There is no fundamental reason why defining emission species as base units is a bad idea other than adherence to VIM definitions and intellectual purity.
Users think of "units" as a combination of a physical and a nominal property, so forcing them to wrap their head around a separation will simply cause confusion.
The new docstrings explicitly tell users that "to avoid ambiguity, code handling GHG quantities should also track and output these nominal properties". Which is only necessary because of the pure-but-complicated approach. There is a risk that users will not follow this advice, leading to exactly the kind of errors that using pint plus this repository was intended to mitigate.
The new implementation does not use standard, out-of-the-box pint functions like the context for the first gwp-conversion-implementation, but (is forced to) introduce new functions.
The new functions are expertly implemented and exhaustively documented - but I see the risk that only a Python expert will be able to make any further changes, reducing the sustainability of this project.
Applications using this repository like pyam (see this PR) cannot apply pint out-of-the-box, like previously just passing a context arg and letting pint figure out what to do. Instead, they need to introduce custom code before calling the new iam-units custom function. In the referenced PR, this extends the codebase from 2 lines applicable for any pint-context to 15 lines of code that require extensive documentation to be intelligible.
The customisation required in the downstream-applications limits forward-compatibility. If the same level of purity will be applied to passenger-kilometres and other non-VIM-satisfying conventions, pyam, message_ix, etc. will again need to be changed to use the new custom conversion functions. Whereas the "context" approach doesn't require any downstream changes.

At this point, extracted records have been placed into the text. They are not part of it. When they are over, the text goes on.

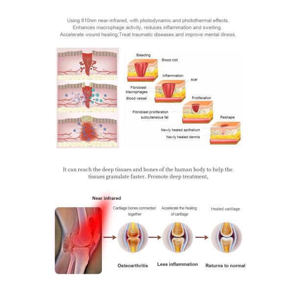 A: RED and INFRARED combination is helpful for wound recovery and bone repair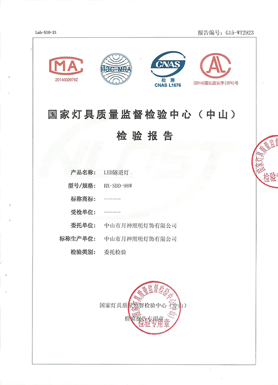 熱烈祝賀月神照明LED隧道燈產(chǎn)品通過(guò)國(guó)家燈具質(zhì)量監(jiān)督檢驗(yàn)中心檢測(cè)并頒發(fā)權(quán)威檢驗(yàn)報(bào)告,本檢驗(yàn)報(bào)告是國(guó)內(nèi)LED隧道燈市場(chǎng)的敲門(mén)磚,是LED隧道燈質(zhì)量的保證,是信譽(yù)的結(jié)晶,更是對(duì)客戶采購(gòu)LED隧道燈產(chǎn)品時(shí)對(duì)質(zhì)量的確保。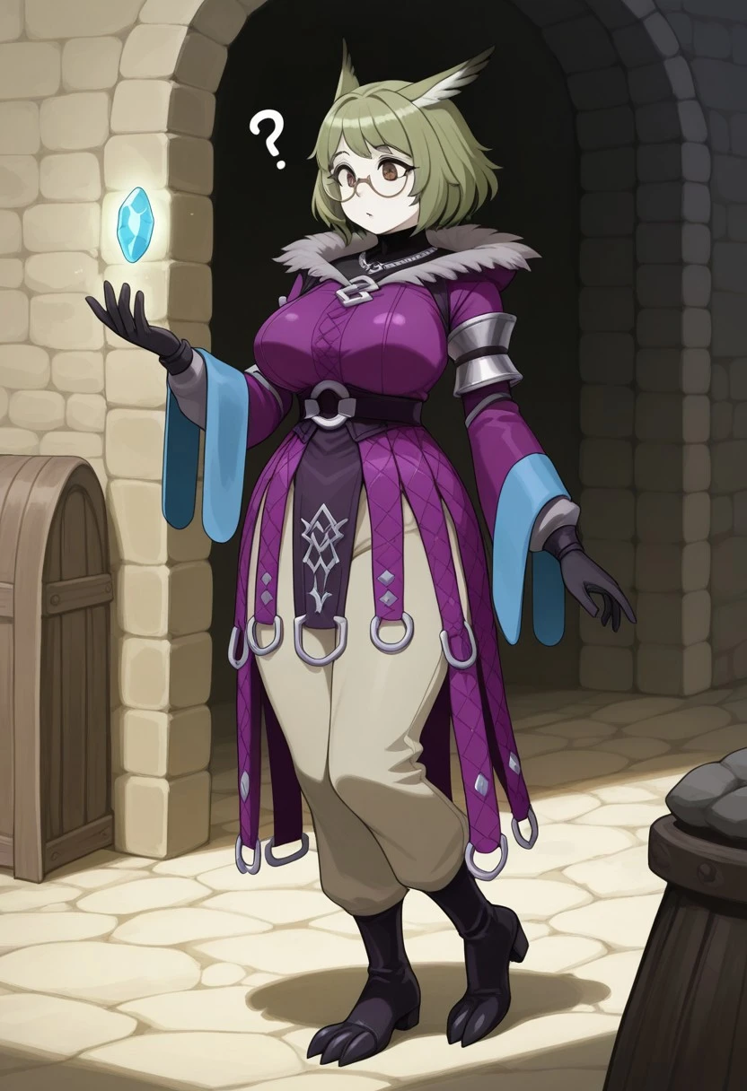 small round glasses, coat, blue stoles, blue drapes, claws, pelvic curtain, beige pants, black talons,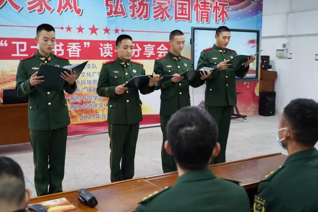此次活动由武警河池支队与河池市文化广电体育和旅游局联合主办,河池市民族图书馆、河池广播电视台综合广播FM98.7共同承办。亲临活动现场的领导有广西社科联常委、广西社科联社会组织党委委员欧建雍,市文广体旅局副调研员覃启朗,武警河池支队副政治委员周柱铿,市图书馆馆长谭荣玲。来自机动中队、河池中队、勤务保障大队的180名官兵参加了本次活动。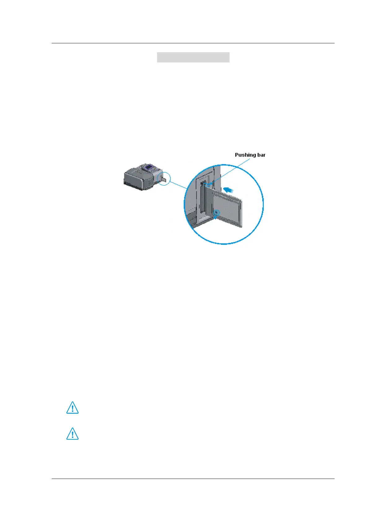 Please turn off the instrument before taking out the card. Press the pushing bar above the slot to take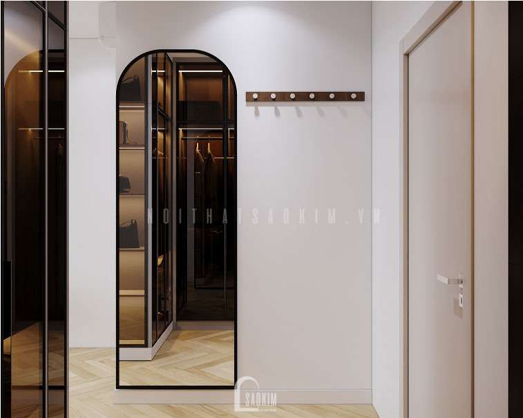 Bố trí gương treo tường ở khu vực sảnh đi lại tạo nên không gian hoàn mỹ.

@khaeru, you have the lead on this repo, so I'll only add this as a comment and not as Request changes - your call how to proceed.

khaeru · 2020-04-09T10:13:15Z

@danielhuppmann thanks for these comments!

To explain further, the motivation here is the same worries about users:

Users think of "units" as a combination of a physical and a nominal property.

There is a risk that users will not follow [the] advice that […] to avoid ambiguity, code handling GHG quantities should also track and output these nominal properties.

In particular, in the iTEM community there have been repeated, circular discussions triggered by confusion over definitions and measurement. The root cause of these was the choice to adopt a data format that is a variant of the IAMC format, and to shoehorn many, conceptually-different things into 'variable' and 'unit' strings in an inconsistent way. Analysis codes are thus very long and convoluted. This is the same cause underlying the need for extensive 'variable'-name mappings to move data between different databases like AR5, ADVANCE, SR15, AR6, etc., when the things measured are often the same.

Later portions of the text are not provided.